HDP'li meclis üyeleri ise "festival yapılsın" yönünde oy kullanmıştı ancak süreç içerisinde yapılan iç tartışmalarda fikir değişikliğine gidildi. Yine geçtiğimiz günlerde HDP'den yapılan açıklamada, "Parti olarak düşüncemiz büyük kitlelerin bir araya geleceği etkinliklerden uzak durulması ve bu yıl da festivale ara verilmesidir" ifadelerine yer verildi. *** 29, 30, 31 Temmuz, 1 Ağustos tarihlerine yapılması planlanan festivale yaklaşık 2 haftalık bir süreç kaldı. Ancak tartışmalar halen devam ediyor.
4. FESTİVAL DEYİNCE AKLIMIZA NE GELİYOR?
Bildiğiniz gibi 1998 yılında “Tatilini Dersim’de geçir” kampanyasının ardından 1999 yılında ilk kez yapılmak istenen Munzur Kültür ve Doğa Festivali çeşitli engellemeler nedeniyle ertelenmişti. Ancak 2000 yılına gelindiğinde ise bu kez Munzur Kültür ve Doğa Festivali yapıldı. O tarihten bu yana da geleneksel olarak her yıl yapılan Munzur Kültür ve Doğa Festivali, 2020 yılında pandemi nedeniyle yapılmamıştı. En son yapılan festival 2019 yılında gerçekleştirilmişti. Açıkçası festival süreç içerisinde bağlamından koparak stadyum konserlerine evrilmeye başladı. Büyük kalabalıkların ve kitlelerin bir araya geldiği konserler festivalin ana gövdesini oluşturmaya başladı. Dışarıdan gelen insanların merak ettiği tek şey 'hangi sanatçının sahneye çıkacağı' meselesinden ibaret oldu. Maalesef ki bu durum kültürel hafızanın kaybolmasını beraberinde getirdi.

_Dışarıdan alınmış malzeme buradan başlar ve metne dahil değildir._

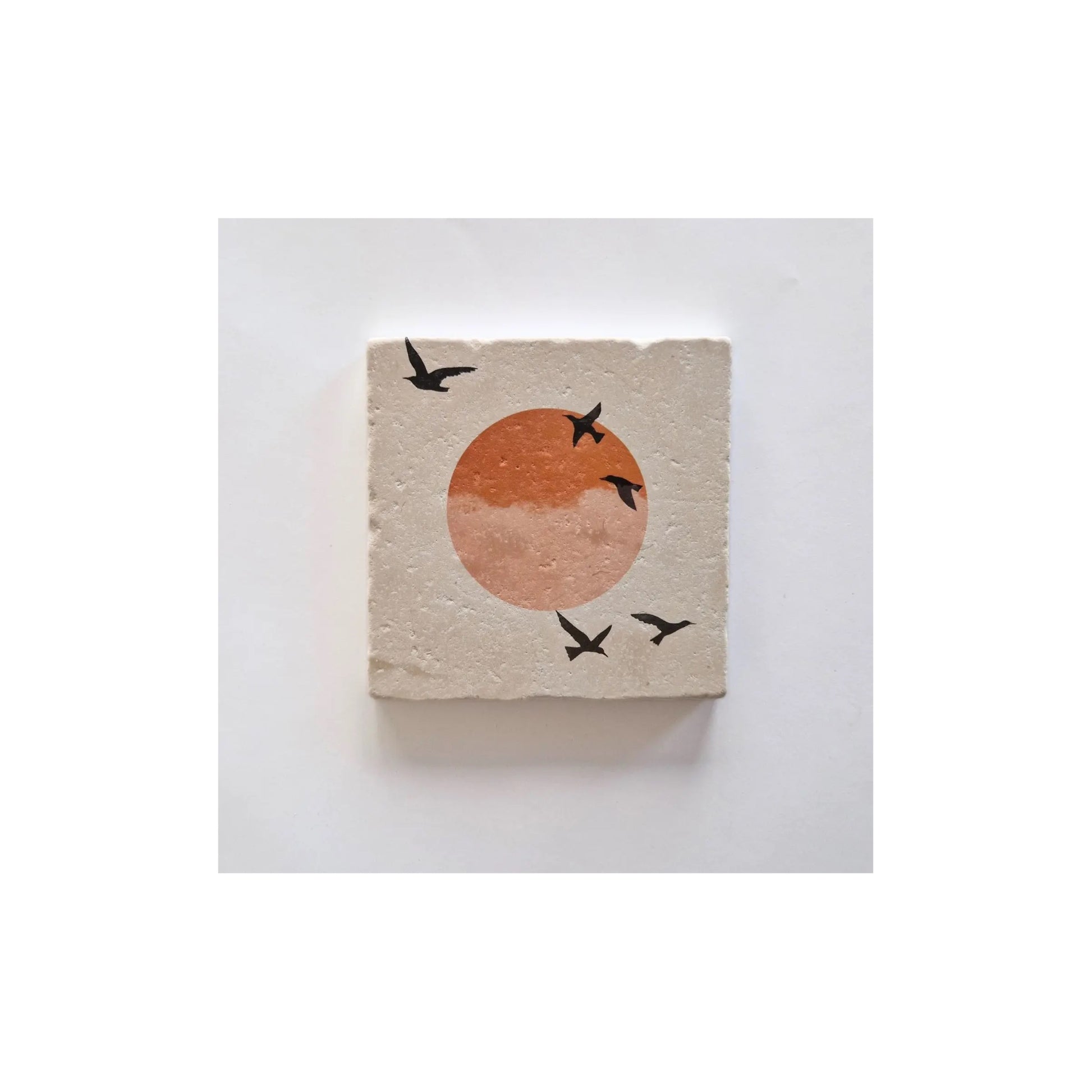 Natuursteen tegeltje - black birds - 10x10 cm - met houder
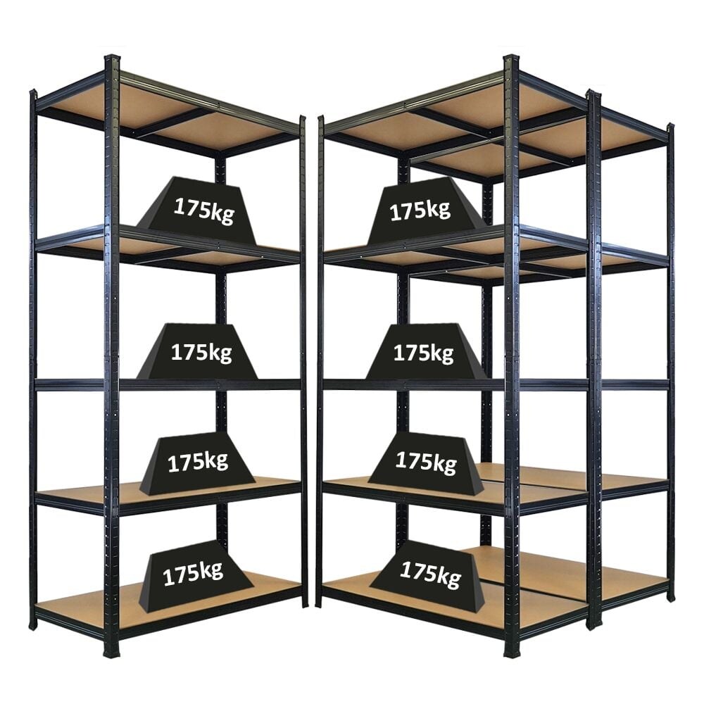 PROREGAL Mega Deal | 3x Schwerlastregal Giant Ragnar | HxBxT 200x100x50cm | 5 MDF-Platten-Ebenen | Fachlast 175kg | Schwarz | Stecksystem Lagerregal
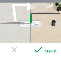 - Le bras double pour écran Leitz Ergo permet un réglage précis de la hauteur pour une position ergonomique idéale.
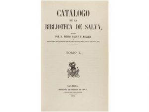 1963. (BIBLIOGRAFIA-FACSIMIL). SALVA Y MALLEN, PEDRO: CATALOGO DE LA BIBLIOTECA SALVA. Valencia: Imprenta de Ferrer de Orga, 1872. [1963]. 2 vol. en 4° mayor. XXX + 706 p., 1 h. ; II: 3 h. + 900 p. Profusamente ilustrado con reproducciones de...
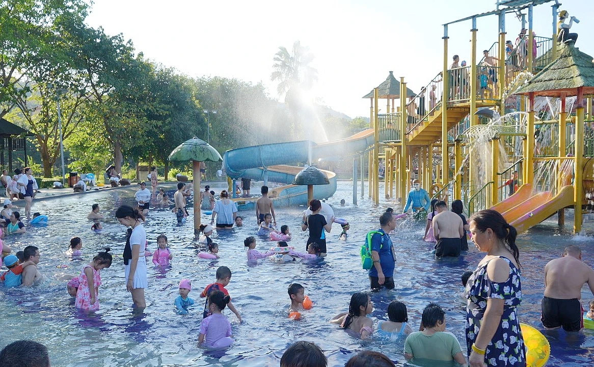 “今年國慶假期的游客量基本達到了我們的預(yù)期。10月1日至5日,景區(qū)客房都是爆滿狀態(tài)?腿酥饕詮V州、深圳、東莞等地游客為主,大部分以家庭為單位出游!蹦侠ド綔厝笥^園副總經(jīng)理陳海介紹,園區(qū)有79個溫泉池和水上樂園,還有漂流、冰雪世界、騎馬、山地車等豐富多彩的體驗項目,連日來吸引了大批珠三角地區(qū)游客慕名前來。假期前5天,景區(qū)600多間客房就已訂滿。
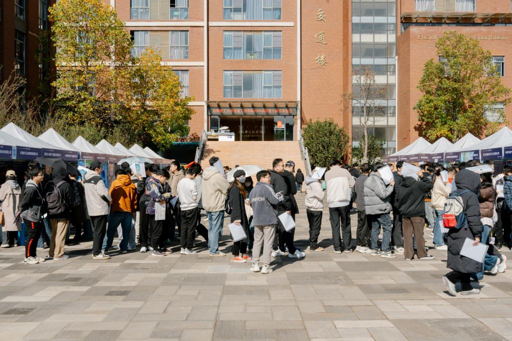为精准对接用人单位招聘需求与昆明理工大学交通工程学院2026届毕业生就业需求,搭建高效、精准的人才供需对接平台,助力企业引才育才,促进毕业生高质量充分就业,11月26日,交通工程学院在交通楼前小广场举办了“才聚交通 职引未来”2026届毕业生秋季双向选择洽谈会。本次双选会通过“线下+线上”结合的模式,打造具有学科特色与行业针对性的就业服务品牌活动,推动就业服务精准落地。
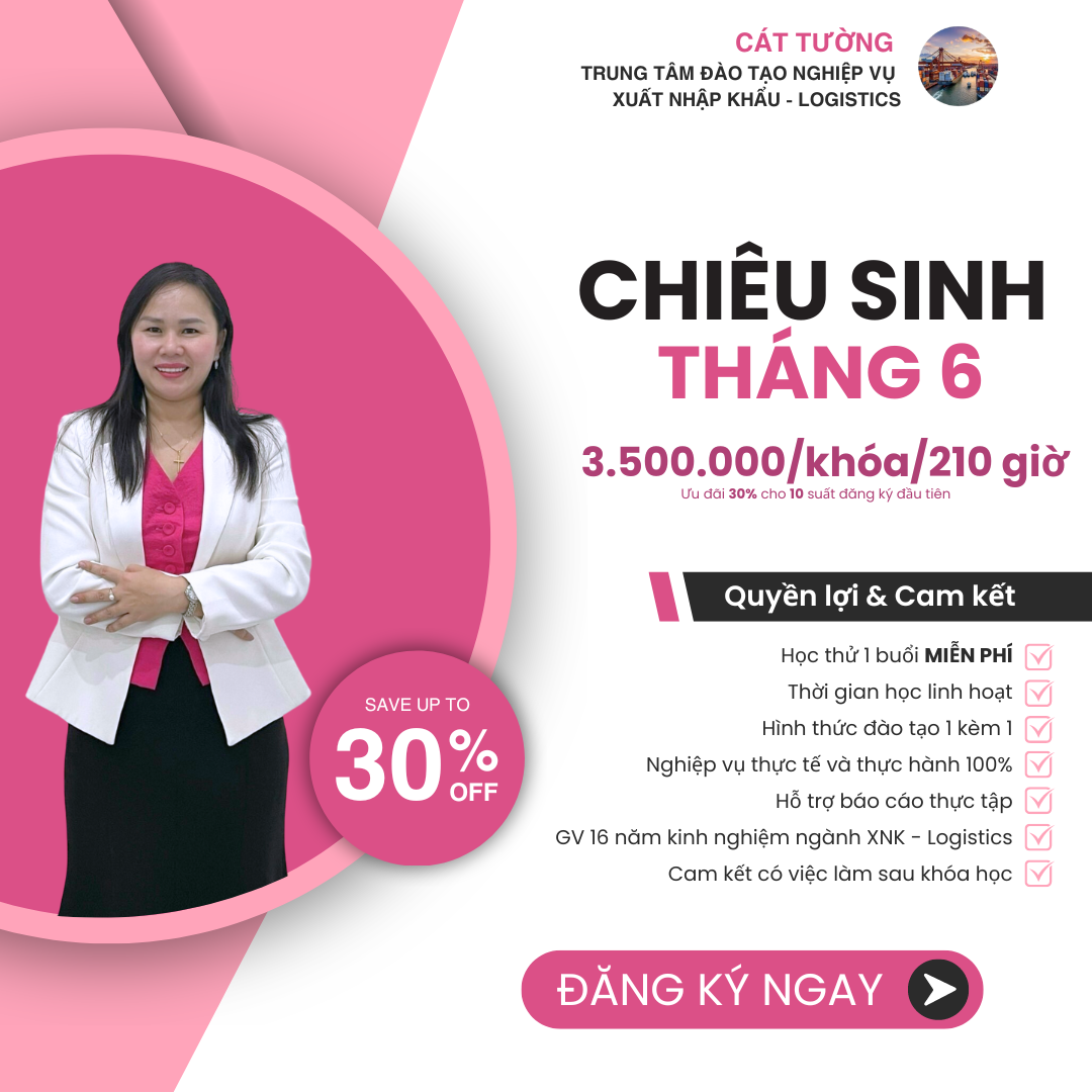 Trung tâm Cát Tường trân trọng thông báo chiêu sinh cho khóa học mới bắt đầu từ tháng 6 này. Với phương châm “Học phải có việc làm”, chúng tôi cam kết mang đến cho học viên môi trường học tập chất lượng cao cùng với giảng viên 16 năm kinh nghiệm trong lĩnh vực XNK – Logistics. Đừng bỏ lỡ cơ hội nâng cao tri thức với mức chi phí hợp lý, tiết kiệm. Hãy đến với Cát Tường để khởi đầu hành trình chinh phục tri thức và mở rộng tương lai. Đăng ký ngay hôm nay để nhận ưu đãi rủng rỉnh.

5. YENİ BİR FESTİVAL TANIMI
Ancak şimdilerde ise festivalin içeriği ile ilgili önemli düşünceler ortaya atılıyor, yeni fikirler filiz veriyor. Konser, yürüyüş, basın açıklaması dışında güncel konuların irdeleneceği paneller ve forumlar planlanıyor. Tarımsal kalkınma, kooperatifçilik ve şifacılık geleneği üzerine forumlar planlanıyor. Tüm bunlarla birlikte müzik, resim, heykel, sinema gibi atölyelerle festival içeriğinin zenginleştirilmesi düşünülüyor. Tüm bu aktivitelerin köylere, mahallelere, ilçelere yayılması öngörülüyor. Yani sandığınız gibi stadyumda binlerce kişinin katıldığı klasik festival algının dışında bir iş yapılmak isteniyor. Daha lokal, küçük ve kentin tamamına yayılmış...

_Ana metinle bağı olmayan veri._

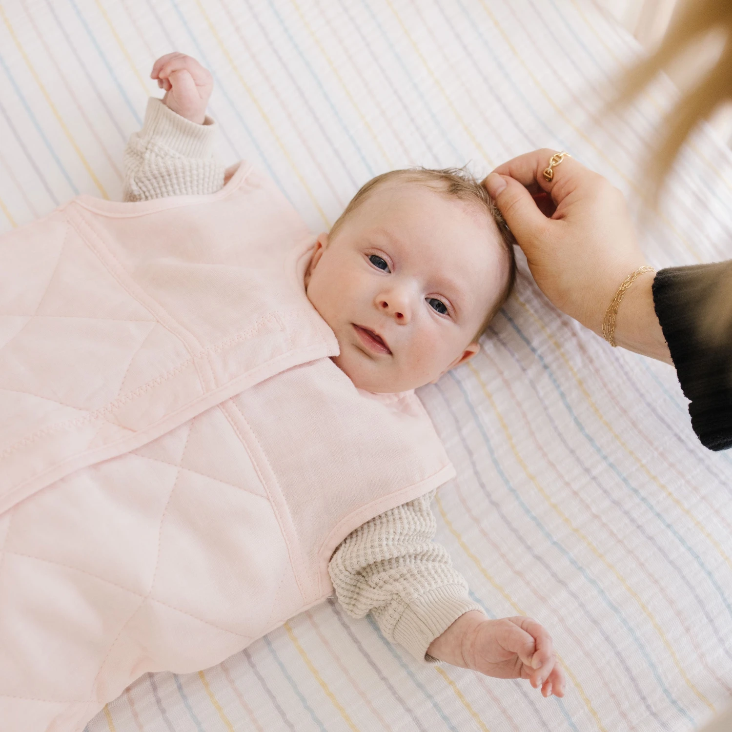 Designed for ultimate comfort, our Quilted Sleep Bags in Light Pink offer a secure alternative to traditional blankets during cooler seasons. The quilted cotton muslin construction traps warmth while maintaining breathability, ensuring your baby stays at the perfect temperature all night. Parents will appreciate the convenient two-way zipper for hassle-free diaper changes and the machine-washable fabric that becomes increasingly softer with each wash. Adorned with our exclusive hand-painted patterns, this sleep bag combines safety, functionality, and style for your little one’s peaceful slumber.
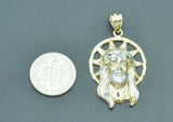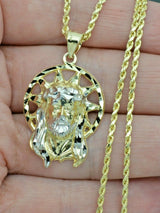 Real 10K Yellow Gold Jesus Head Diamond Cut Pendant + Chain
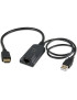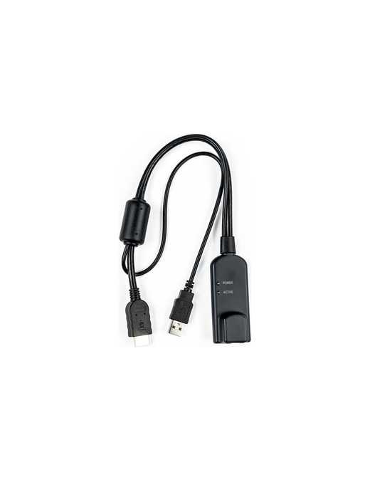 The Vertiv Avocent MergePoint Unity IQ Server Interface is an access cable designed for use with Vertiv Avocent MergePoint Unity KVM switches. It is designed for DisplayPort video, USB Keyboard/mouse, supporting virtual media, CAC, and USB 2.0. It has an RJ-45 female port, a USB 2.0 port, and a 19-pin HDMI Type A port.

6. ZATEN HER YER FESTİVAL GİBİ DEĞİL Mİ?
Hepimiz bu şehirde yaşıyoruz. Anlatmaya gerek yok. Görüyorsunuz. Her gün tıka basa dolu 3-4 düğünün olduğu bu kentte, gelinen aşamada araç park etmeye yer bile bulamadığımız bu kentte, kalabalıkların, mangal dumanının iki vadiyi de kapladığı bu kentte, kıraathanelerde bir masaya 7 kişinin oturup okeye döndüğü bu kentte zaten her yer festival gibi değil mi?